I worked out the sed
answer not long after I posted this question; no one else has used sed
so far so here it is:
sed '$!N;/^\(.*\)\n\1$/d;P;D'
A little playing around with the more general problem (what about deleting lines in sets of three? Or four, or five?) provided the following extensible solution:
sed -e ':top' -e '$!{/\n/!{N;b top' -e '};};/^\(.*\)\n\1$/d;P;D' temp
Extended to remove triples of lines:
sed -e ':top' -e '$!{/\n.*\n/!{N;b top' -e '};};/^\(.*\)\n\1\n\1$/d;P;D' temp
Or to remove quads of lines:
sed -e ':top' -e '$!{/\n.*\n.*\n/!{N;b top' -e '};};/^\(.*\)\n\1\n\1\n\1$/d;P;D' temp
sed
has an additional advantage over most other options, which is its ability to truly operate in a stream, with no more memory storage needed than the actual number of lines to be checked for duplicates.
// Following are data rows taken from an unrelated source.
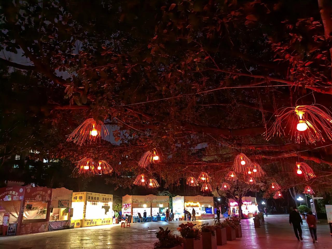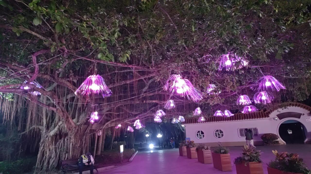 夜晚除了潮流夜市,杜鹃园处大榕树和小桥上的灯光、附近新建成的潮流公厕也蛮有特色。
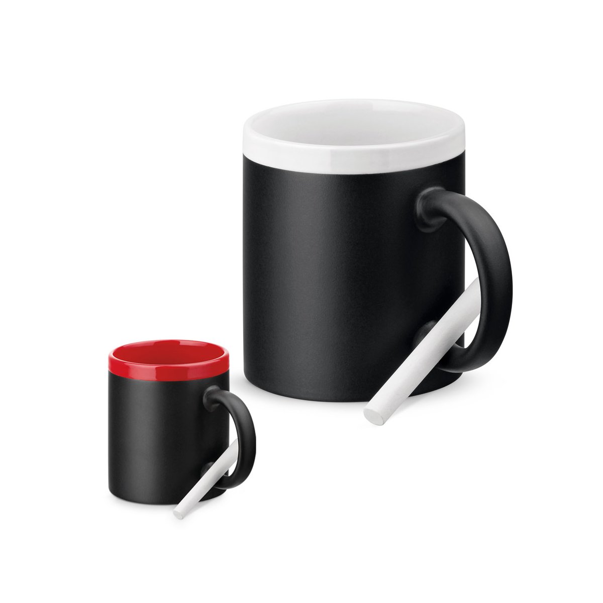 Kubek ceramiczny o matowym wykończeniu. Pojemność do 360 mL. Kreda w zestawie. Dostarczany w pudełku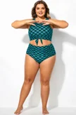Plus Size Blue Check High Waisted Bottom - PremCurve
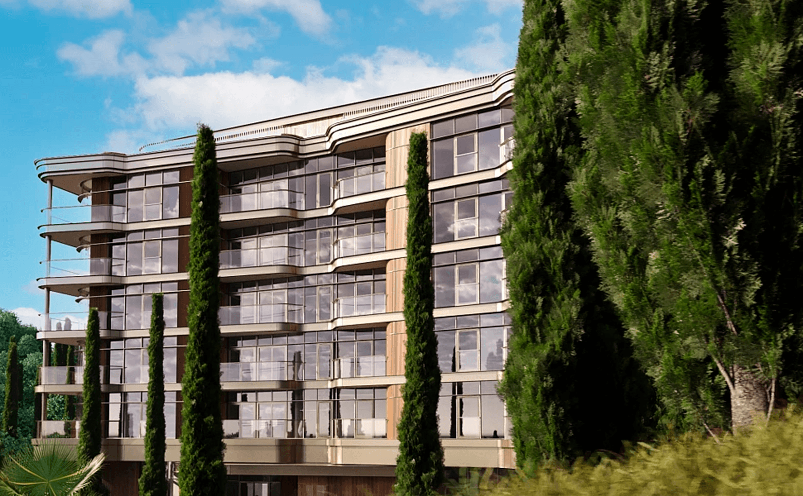 Апарт-отель подставляет собой 15-этажный корпус, возведенный по монолитной технологии. Архитектура выполнена в современном курортном стиле с панорамным остеклением, фасады облицов…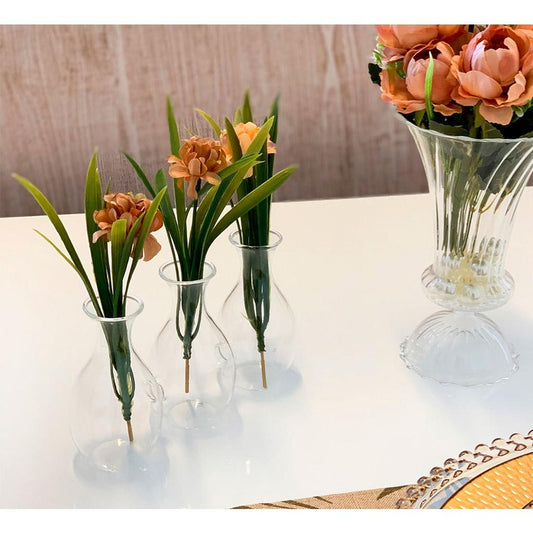 Vaso Decorativo de 3 Cálices em Vidro Transparente e Incolor de 18 cm x 6 cm x 11 cm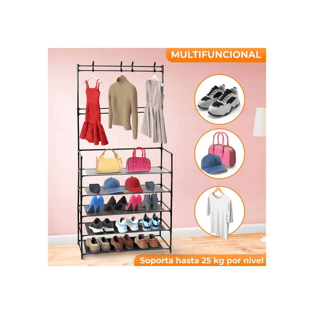 Guarda hasta 12 pares de zapatos, cuelga abrigos y bolsos, y mantén todo a la vista sin ocupar espacio extra.

As cuonglm pointed out in the comments, setting the locale to C is necessary to avoid failures to properly remove lines containing multi-byte characters. So the commands above become:
LC_ALL=C sed '$!N;/^\(.*\)\n\1$/d;P;D' temp
LC_ALL=C sed -e ':top' -e '$!{/\n/!{N;b top' -e '};};/^\(.*\)\n\1$/d;P;D' temp
LC_ALL=C sed -e ':top' -e '$!{/\n.*\n/!{N;b top' -e '};};/^\(.*\)\n\1\n\1$/d;P;D' temp
# Etc.
It's not very elegant, but it's as simple as I can come up with:
uniq -c input | awk '{if ($1 % 2 == 1) { print substr($0, 9) }}'
The substr() just trims off the uniq
output. That'll work until you have more than 9,999,999 duplicates of a line (in which case uniq's output may spill over 9 characters).
Give a try to this awk
script below:
#!/usr/bin/awk -f
{
if ((NR!=1) && (previous!=$0) && (count%2==1)) {
print previous;
count=0;
}
previous=$0;
count++;
}
END {
if (count%2==1) {
print previous;
}
}
It is assumed that the lines.txt
file is sorted.
The test:
$ chmod +x script.awk
$ ./script.awk lines.txt
a
d
e